OBAMA PLOTTING TO SUSPEND FOOD STAMPS?

WASHINGTON, D.C. – Evidence has surfaced indicating the Obama administration was prepared to suspend all food-stamp payments beginning Nov. 1 in a political move to pressure Republicans in Congress to reopen the government and agree to continued deficit spending.

On Oct. 11, while the government shutdown was in force, the U.S. Department of Agriculture’s Food and Nutrition Service, FNS, notified state directors of the Supplemental Nutrition Assistance Program, SNAP, commonly known as the food stamp program, to suspend transmission of food stamp funds to the Electronic Benefit System, or EBS.

If the Obama administration were willing to issue such a directive in October, will it do so again when the debate over stopping the government and raising the debt ceiling is scheduled to resume in Congress in about three months?

The USDA shutdown letter, dated Oct. 11, first appeared on the website of the Crossroads Urban Center in Salt Lake City and was confirmed as authentic by the Fox affiliate in Salt Lake City in a report published on its website Oct. 14.

“This is going to create a huge hardship for the people we serve here in our food pantry,” Bill Tibbits, the associate director at Crossroads Urban Center told the station.

“What this means if there’s not a deal, if Congress doesn’t reach a deal to get the federal government back up and running, in Utah about 100,000 people won’t get food stamp benefits,” Tibbits said.

“In other words, tens of thousands of Utah families may not be able to feed their children come November,” the station concluded.



The Obama administration instructed state directors of the SNAP program to take the steps even though the likely consequences were that low-income households with children might not be able to buy food, with the added risk that a sudden suspension of food stamp payments might incite unrest across the nation.

Michigan state budget director John Nixon expressed his alarm to ABC 10 in Ishpeming, Mich. He said that also on the slate for suspension in the case of a government shutdown extending beyond Oct. 15 were food programs in the Woman, Infants and Children feeding program, or WIC, the Temporary Assistance to Needy Families, or TANF, cash-assistance program and the school-lunch program.

Nixon told ABC 10 that he expected WIC would be the first of the nutrition programs to be affected by the government showdown, with Michigan having to suspend nutritional benefits and education for around 200,000 Michigan women and children.

Approximately 20 percent of all American households on food stamps, amounting to 23.1 million households and 47.6 million individuals were recorded to be on the SNAP program as of July.

As WND reported yesterday, chaos erupted in two Louisiana Wal-Mart stores on Oct.14 when a temporary power outage caused the EBT to malfunction.

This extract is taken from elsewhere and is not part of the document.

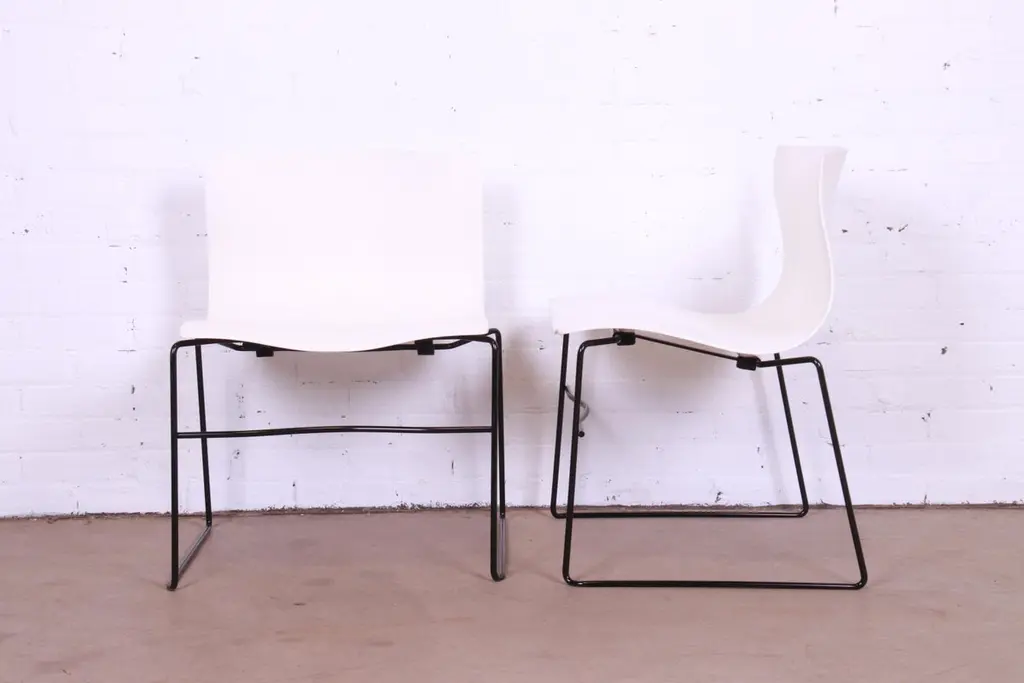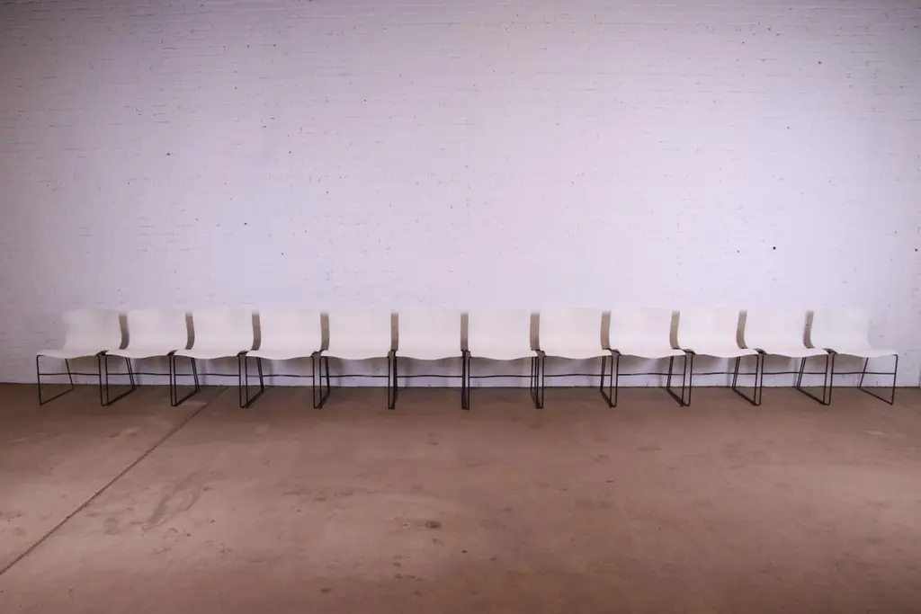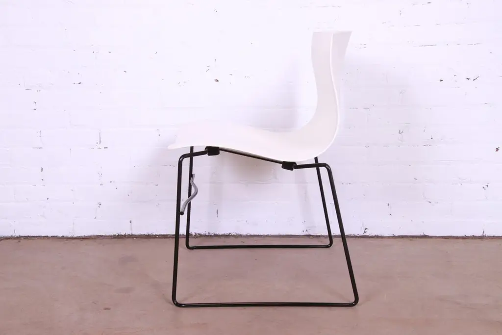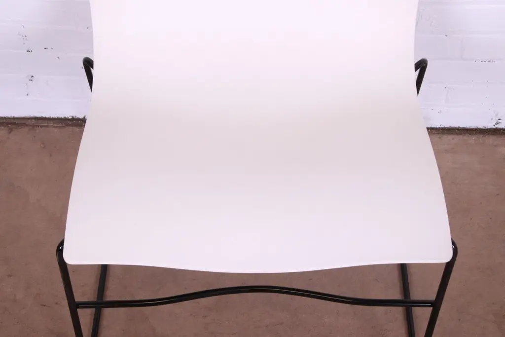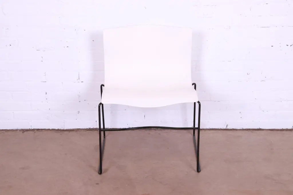 A stylish postmodern stacking "handkerchief" chairBy Massimo Vignelli for Knoll InternationalUSA, 1980sMolded fiberglass seat, with powder coated steel base.Measures: 23.5"W x 21"D x 28.75"H. Seat height 17.5".Newly professionally powder coated bases and power washed seats. Very good condition.Priced individually. 7 chairs available.

The computer glitch that affected food stamp shoppers in Louisiana evidently spread across 17 states, leaving millions without “funding” with which to purchase food.

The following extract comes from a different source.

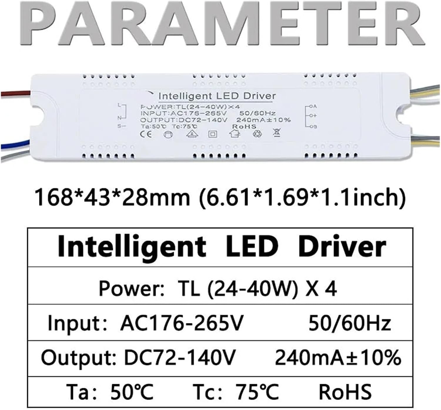Isolation TransformersProduct DetailsPower: TL (24-40W) X 4Input: AC176-265V 50/60HzOutput: DC72-140VCurrent: 240mA±10%Dimensions: 168*43*28 mm (6.61*1.69*1.1 in)Power: TL (40-60W) x 4Input: AC176-265V 50/60HzOutput: DC108-210VCurrent: 240mA±10%Dimensions: 168*43*28 mm (6.61*1.69*1.1 in)

WND also reported yesterday that according to the U.S. Department of Agriculture’s Food and Nutrition Service, the benefit increase granted by the American Recovery and Reinvestment Act of 2009 to help people adversely affected by the recession is scheduled to expire Nov. 1.

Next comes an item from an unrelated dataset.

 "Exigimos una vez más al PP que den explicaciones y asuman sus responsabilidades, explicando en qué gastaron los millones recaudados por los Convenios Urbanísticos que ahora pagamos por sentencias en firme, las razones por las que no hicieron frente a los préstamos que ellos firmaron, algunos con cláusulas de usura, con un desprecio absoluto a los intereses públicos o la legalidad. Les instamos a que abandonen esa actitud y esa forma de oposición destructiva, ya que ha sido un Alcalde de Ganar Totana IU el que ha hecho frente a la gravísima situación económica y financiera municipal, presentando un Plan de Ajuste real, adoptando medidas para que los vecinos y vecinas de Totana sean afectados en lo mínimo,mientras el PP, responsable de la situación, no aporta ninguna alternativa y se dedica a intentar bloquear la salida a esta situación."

The USDA projects that the average monthly food stamp payment of approximately $272 per household will decline in November by $36 for a family of four.

This week, the Federal Business Opportunities website posted a notice that the Federal Protective Service of the Department of Homeland Security was seeking to spend $80 million on hiring private armed guards to protect IRS and other government buildings in upstate New York during evidently anticipated “public demonstrations” and “civil disturbances.”

While DHS did not identify why the request was made, the agency is preparing for potential public protests against the IRS and other government facilities in upstate New York.

According to estimates drawn from the Congressional Budget Office and the Office of Management and Budget, approximately 83 percent of government operations continued, with the shutdown affecting only approximately 17 percent of the federal funds scheduled to be spent during the time the “shutdown” was operative.